Llegar a casa exhausto, con la miel de la derrota entre los labios. Los brazos ajados sobre la curvatura del cuerpo, despedazados; a veces, en cruz; otras, en jarra; pero siempre en posición, como un obús, esperando la orden para precipitarse sobre el vacío en busca de la mano tendida del otro. Aquí es el último ser humano quien proclama la parte de mujer que le pertenece, la parte del trigo y de las espigas que debe llevarse a la boca, el silencio que una vez más nos acalle al borde de la locura -pues sólo el silencio es quien nos redime y el tiempo quien nos juzga.

Acabar con los restos de tu cuerpo en casa. Con la piel a tiras, con la respiración entre cortada, jadeante, con los pulmones rendidos, amoratados y cárdenos de ti, amor; moviéndose trémulos, palpitando, tiritando en su habitual ejercicio de expirar el máximo posible de aire para oxigenar los músculos, para preparar la próxima contienda, para estar a punto para el próximo combate -no hablo de la guerra ni del conflicto. Hablo de la lucha, de la pugna en contra de nuestros demonios y de nuestros miedos que en la oscuridad de la noche vuelven a preguntar por cada uno de nosotros.

Llegar a casa cansado, sí, pero con los ojos inyectados en sangre, con el corazón por la boca, removiéndose, revolcándose, asaltando las regiones más íntimas; con los músculos agarrotados, con espasmos, con tirones, con agujetas, pero siempre en busca de la luz. Siempre en guardia para perseguir la mirada cómplice de aquellos a los que realmente quieres y amas. Los que siempre están, ahí, expectantes. Los que en silencio te esperan a pesar de los fracasos y del hundimiento. Los que siempre tienen algo que dar, a pesar de la podredumbre del hombre; los que siempre guardan una sonrisa para a ti, a pesar del mundo y de sus tórridas luces, las mismas que amenazan con volcar.

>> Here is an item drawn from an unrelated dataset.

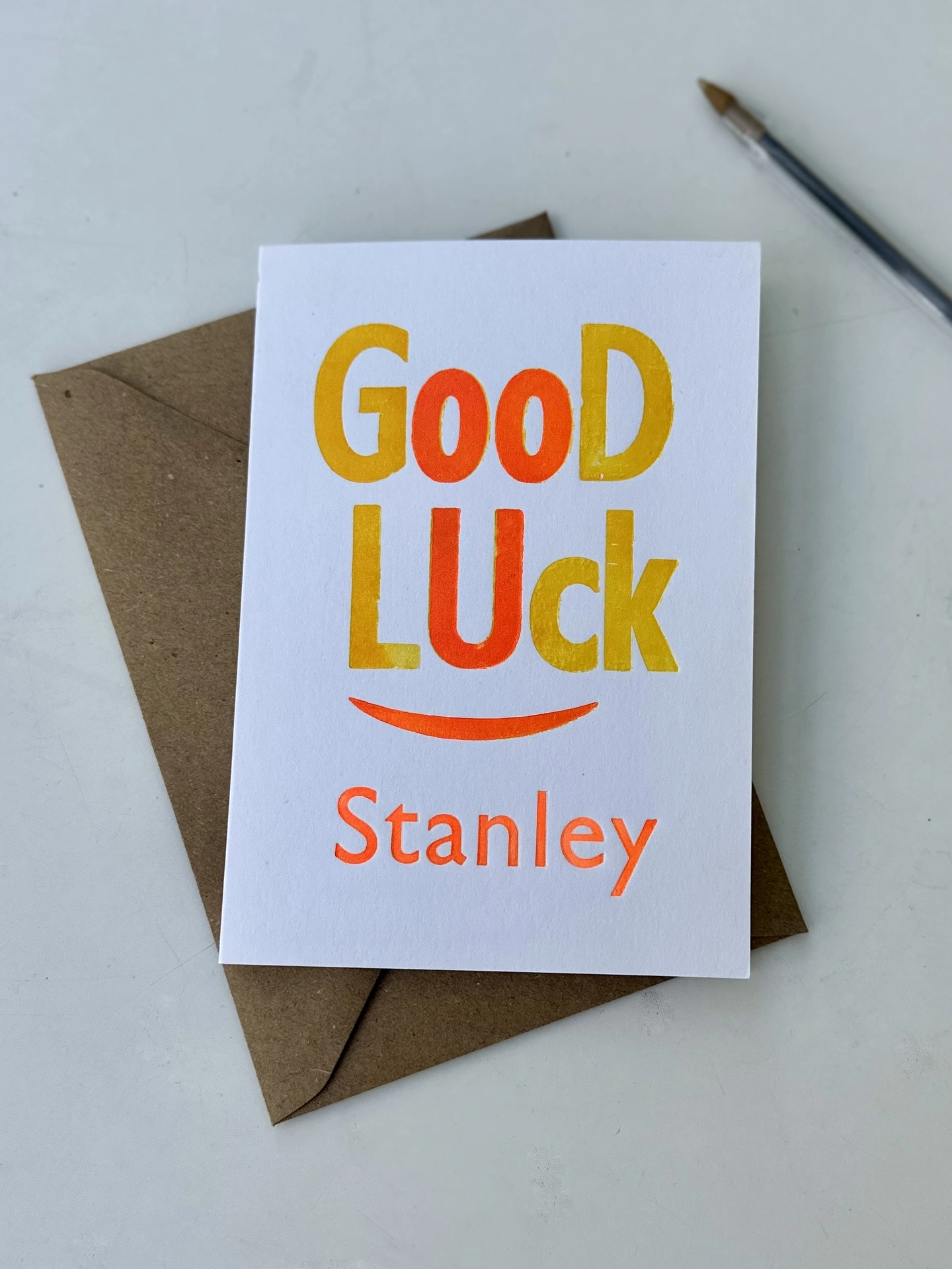When exams are looming, this personalised card is sure to raise a smile. Letterpress printed by hand using vintage wooden and metal type.

Los que siempre tiene un sol amarrado entre sus manos.

Llegar a casa, sí, amor. Llegar y ver que aún queda un reducto en este dulce infierno que es la vida. Intacto, inquebrantable. Alzado al cielo y a las olas de tus brazos. Siempre alerta. Llegar a casa y ver que aún existe un imperio al borde de los labios que quiere ser descubierto, que desea ser abordado por el asombro y la luz, por la belleza y el milagro de tus pupilas, que está dispuesto a ser conquistado por el milagro y la belleza que nos asalta, como cuando es la ternura quien sale de casa a recibirnos.